As I have admitted, when I took on this project I was dreading the books like this that were going to come up on the list, and I was glad when the book turned out to be a short one.  This is more because I just generally don’t enjoy nonfiction (unless you count dinner recipes or knitting patterns), not because I don’t care about the topic.  I took one look at this book and thought, “There’s no dialogue.  How am I going to read this?”

However, the book ended up being more engaging than I expected.  Hooks expresses early on in the book that her purpose is to explore sexism as it concerns black women.

Our silence was not merely a reaction against white women liberationists or a gesture of solidarity with black male patriarchs.  It was the silence of the oppressed — that profound silence engendered by resignation and acceptance of one’s lot.  Contemporary black women could not join together to fight for women’s rights because we did not see ‘womanhood’ as an important aspect of our identity.  Racist, sexist socialization had conditioned us to devalue our femaleness and to regard race as the only relevant label of identification.  In other words, we were asked to deny a part of ourselves — and we did.  Consequently, when the women’s movement raised the issue of sexist oppression, we argued that sexism was insignificant in light of the harsher, more brutal reality of racism.

As an almost shameless “prissy white girl,” I have considered the idea of a double minority but not the idea of one being subjugated in favor of the other, and that in the case of black women the issue of gender equality was suppressed in favor of the issue of racial equality.  As Hooks observes, both during the time of emancipation and during the Civil Rights movement, black women were faced with a choice of supporting sexist black men or racist white women.  She demonstrates the depth of society’s sexism towards black women through her observations that white men supported suffrage for black men before they supported suffrage for women, that even into the 1960’s there was an expectation by male activists that women would continue to conform to traditional gender roles, and that women’s liberation involved white women who rejected traditional gender roles while their black counterparts were celebrated for accepting those roles.

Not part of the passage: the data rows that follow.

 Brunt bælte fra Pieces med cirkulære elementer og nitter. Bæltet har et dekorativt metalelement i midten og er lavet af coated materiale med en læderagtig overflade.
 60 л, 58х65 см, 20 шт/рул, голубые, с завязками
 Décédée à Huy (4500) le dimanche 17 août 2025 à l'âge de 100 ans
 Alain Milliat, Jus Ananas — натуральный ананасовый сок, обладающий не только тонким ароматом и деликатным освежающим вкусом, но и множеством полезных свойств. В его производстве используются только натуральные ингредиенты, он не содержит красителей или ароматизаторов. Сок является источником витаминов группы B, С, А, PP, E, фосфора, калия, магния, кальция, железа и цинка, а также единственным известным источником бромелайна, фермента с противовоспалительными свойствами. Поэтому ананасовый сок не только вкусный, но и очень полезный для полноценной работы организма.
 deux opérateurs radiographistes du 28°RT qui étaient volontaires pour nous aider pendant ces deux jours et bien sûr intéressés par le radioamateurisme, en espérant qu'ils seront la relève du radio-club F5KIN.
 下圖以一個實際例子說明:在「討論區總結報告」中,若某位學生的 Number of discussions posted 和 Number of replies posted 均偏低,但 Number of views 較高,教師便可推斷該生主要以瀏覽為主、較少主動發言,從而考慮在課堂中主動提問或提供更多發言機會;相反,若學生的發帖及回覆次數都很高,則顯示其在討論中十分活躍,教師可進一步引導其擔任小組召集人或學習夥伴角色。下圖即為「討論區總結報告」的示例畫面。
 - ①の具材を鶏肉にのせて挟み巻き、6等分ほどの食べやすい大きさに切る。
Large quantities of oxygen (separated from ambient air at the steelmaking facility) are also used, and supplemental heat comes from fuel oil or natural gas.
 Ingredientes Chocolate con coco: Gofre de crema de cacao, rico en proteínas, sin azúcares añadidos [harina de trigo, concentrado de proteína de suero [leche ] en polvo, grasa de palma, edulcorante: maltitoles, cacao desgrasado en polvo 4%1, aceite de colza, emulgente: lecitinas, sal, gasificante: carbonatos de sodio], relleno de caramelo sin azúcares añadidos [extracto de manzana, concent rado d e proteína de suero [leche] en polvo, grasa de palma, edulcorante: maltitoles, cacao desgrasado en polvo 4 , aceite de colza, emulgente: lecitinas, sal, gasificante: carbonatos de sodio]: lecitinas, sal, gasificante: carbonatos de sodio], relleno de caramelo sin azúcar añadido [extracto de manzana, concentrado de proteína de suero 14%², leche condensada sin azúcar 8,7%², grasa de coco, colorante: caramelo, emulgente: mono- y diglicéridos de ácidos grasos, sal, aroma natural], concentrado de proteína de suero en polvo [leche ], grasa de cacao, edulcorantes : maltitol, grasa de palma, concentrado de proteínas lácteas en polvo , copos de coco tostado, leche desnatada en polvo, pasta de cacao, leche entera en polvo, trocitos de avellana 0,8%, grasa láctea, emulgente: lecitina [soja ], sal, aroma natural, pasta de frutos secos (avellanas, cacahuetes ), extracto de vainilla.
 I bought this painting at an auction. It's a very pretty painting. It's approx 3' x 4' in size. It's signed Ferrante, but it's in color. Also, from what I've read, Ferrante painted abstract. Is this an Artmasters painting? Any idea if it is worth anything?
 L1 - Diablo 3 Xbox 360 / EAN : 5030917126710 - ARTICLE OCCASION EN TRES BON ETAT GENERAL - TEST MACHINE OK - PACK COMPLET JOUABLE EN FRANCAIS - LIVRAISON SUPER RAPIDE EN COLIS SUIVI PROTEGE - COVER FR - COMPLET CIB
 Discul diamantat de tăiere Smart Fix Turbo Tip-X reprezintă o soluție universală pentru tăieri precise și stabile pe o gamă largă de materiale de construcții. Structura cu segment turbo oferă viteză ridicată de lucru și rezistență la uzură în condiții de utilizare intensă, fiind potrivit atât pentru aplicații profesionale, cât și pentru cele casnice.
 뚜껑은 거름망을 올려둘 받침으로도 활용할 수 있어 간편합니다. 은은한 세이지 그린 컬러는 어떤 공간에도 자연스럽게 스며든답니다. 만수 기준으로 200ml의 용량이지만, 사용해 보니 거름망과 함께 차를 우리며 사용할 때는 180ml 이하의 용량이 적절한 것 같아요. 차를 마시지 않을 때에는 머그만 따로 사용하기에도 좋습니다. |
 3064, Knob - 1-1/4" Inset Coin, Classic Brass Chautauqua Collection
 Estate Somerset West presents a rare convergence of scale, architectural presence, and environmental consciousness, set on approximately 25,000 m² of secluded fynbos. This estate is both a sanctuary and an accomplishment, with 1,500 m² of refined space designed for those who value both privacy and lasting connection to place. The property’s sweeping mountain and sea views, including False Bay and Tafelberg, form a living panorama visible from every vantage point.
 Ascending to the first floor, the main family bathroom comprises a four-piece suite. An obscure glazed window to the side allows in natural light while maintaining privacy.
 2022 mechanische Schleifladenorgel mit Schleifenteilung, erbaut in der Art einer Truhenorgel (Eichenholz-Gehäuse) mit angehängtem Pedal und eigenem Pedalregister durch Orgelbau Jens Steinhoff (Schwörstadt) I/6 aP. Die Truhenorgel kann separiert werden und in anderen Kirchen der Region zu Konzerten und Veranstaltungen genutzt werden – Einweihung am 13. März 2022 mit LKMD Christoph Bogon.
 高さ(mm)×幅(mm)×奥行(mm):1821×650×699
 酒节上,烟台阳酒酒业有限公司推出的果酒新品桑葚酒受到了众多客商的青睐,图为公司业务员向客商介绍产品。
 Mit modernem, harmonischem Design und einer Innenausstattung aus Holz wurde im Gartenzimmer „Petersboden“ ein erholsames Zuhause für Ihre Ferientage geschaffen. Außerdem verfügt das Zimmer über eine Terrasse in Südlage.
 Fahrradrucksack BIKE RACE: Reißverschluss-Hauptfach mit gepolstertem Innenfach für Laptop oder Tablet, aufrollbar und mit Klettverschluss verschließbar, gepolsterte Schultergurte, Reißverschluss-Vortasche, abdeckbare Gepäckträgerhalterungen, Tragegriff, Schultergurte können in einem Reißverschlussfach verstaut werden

The author begins by exploring the experiences of female slaves during the colonial era, the many abuses inflicted upon them, and the differing standards for male and female slaves.  One thing I found particularly interesting was the experience of pregnancy for female slaves (much of whose value came from breeding), especially compared to the esteem and pampering they would have received from their tribe in their homeland.  Hooks also talks about how the oppression of slaves started immediately after their capture.

An important part of the slaver’s job was to effectively transform the African personality aboard the ships so that it would be marketable as a ‘docile’ slave in the American colonies.

Given this, it is no wonder that black women historically accepted oppression, whether because of race or because of gender.